Amazon Selection and Catalog Systems is looking to hire an Applied Scientists who will push the boundaries to develop the best possible title for a product. Our vision is to innovate and automate product titles that adapts to different customer experiences such as website, mobile, echo devices, kindle and so on. Title of a product is the most important attribute that relates to a customer when shopping on Amazon and influences customer search experience and buying decisions significantly. It is used across hundreds of systems within Amazon.
You will analyze how information on how Amazon's product titles affect our customers and help devise short term and long term strategy for product titles.. You will have the opportunity to design new data analytical workflows at a scale rarely available elsewhere, utilizing state-of-the-art data science and machine learning tools such as Spark, Python, and Theano and Amazon's cloud computing technologies such as Elastic Map Reduce (EMR), Kinesis, and Redshift.
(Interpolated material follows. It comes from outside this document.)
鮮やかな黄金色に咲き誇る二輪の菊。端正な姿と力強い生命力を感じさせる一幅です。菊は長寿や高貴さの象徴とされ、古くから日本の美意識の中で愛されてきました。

You will apply your knowledge in data science by creating algorithmic solutions that combine techniques such as clustering, pattern mining, predictive modeling, deep learning, statistical testing, information retrieval, and natural language processing and apply them to the voluminous data describing the products in the catalog and the customer interactions. You will evaluate with scientific rigor and provide inputs to business strategy and technical direction. You will collaborate with software engineering teams to integrate your algorithmic solutions into large-scale highly complex Amazon production systems.
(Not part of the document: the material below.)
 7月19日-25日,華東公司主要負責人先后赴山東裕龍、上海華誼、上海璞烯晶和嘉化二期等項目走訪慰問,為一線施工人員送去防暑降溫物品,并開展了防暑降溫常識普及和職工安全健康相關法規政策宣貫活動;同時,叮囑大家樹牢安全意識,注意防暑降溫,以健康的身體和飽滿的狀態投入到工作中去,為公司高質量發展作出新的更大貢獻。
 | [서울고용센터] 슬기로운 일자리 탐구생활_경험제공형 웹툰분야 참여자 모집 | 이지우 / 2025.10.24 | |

Our organization has a strong focus and great track record of growing our employees.
You will encounter many challenges, including
* scale (build models for billions of products in the catalog utilizing trillions of customer interactions),
* accuracy (extreme requirements for precision or recall due to impact of getting it wrong,
* speed (generate predictions for millions of new or changed products with low latency),
* diversity (titles for the same product in different languages. Titles presented based on context in which the customer is viewing these titles),
* high dimensionality
* noise (build models robust to varying quality of data provided by millions of sellers and labels derived implicitly or collected from humans).
You will need to be creative and go far beyond text book solutions to deal with these challenges. Meeting the business requirements will involve combining several different machine learning algorithms with domain knowledge into complex data analytical workflows that automate what can be automated and efficiently utilize experts when needed to mitigate risk.
You will help us to
* Define the strategy for title generation. How to gather the best possible information for the products and use them in the titles.
* Continuously innovate and adapt to customer needs and never satisfied with status quo.
* Lead/guide and influence other applied scientists in the Selection Contribution Platform team.
* Identify which product information matters most to our customers.
* Extract product information from unstructured data to augment the titles
* Determine the apt title lengths based on experiences such as mobile, echo devices, PC and so on.
* Determine the sequence of information represented in the title
* Dynamic generation of titles for products not seen before.
* Ability to do an automated quality analysis on titles to detect and prevent bad titles from flowing to the website.
* Help automate manual audit process, by taking the learnings from audits and building them to the models.
* Estimate the financial impact of title improvements.
Your solutions will directly impact the customer experience by making products discoverable, presenting them in the right place, with complete and accurate product information to enable informed purchase decisions.
Amazon is a company operating a marketplace for consumers, sellers, and content creators.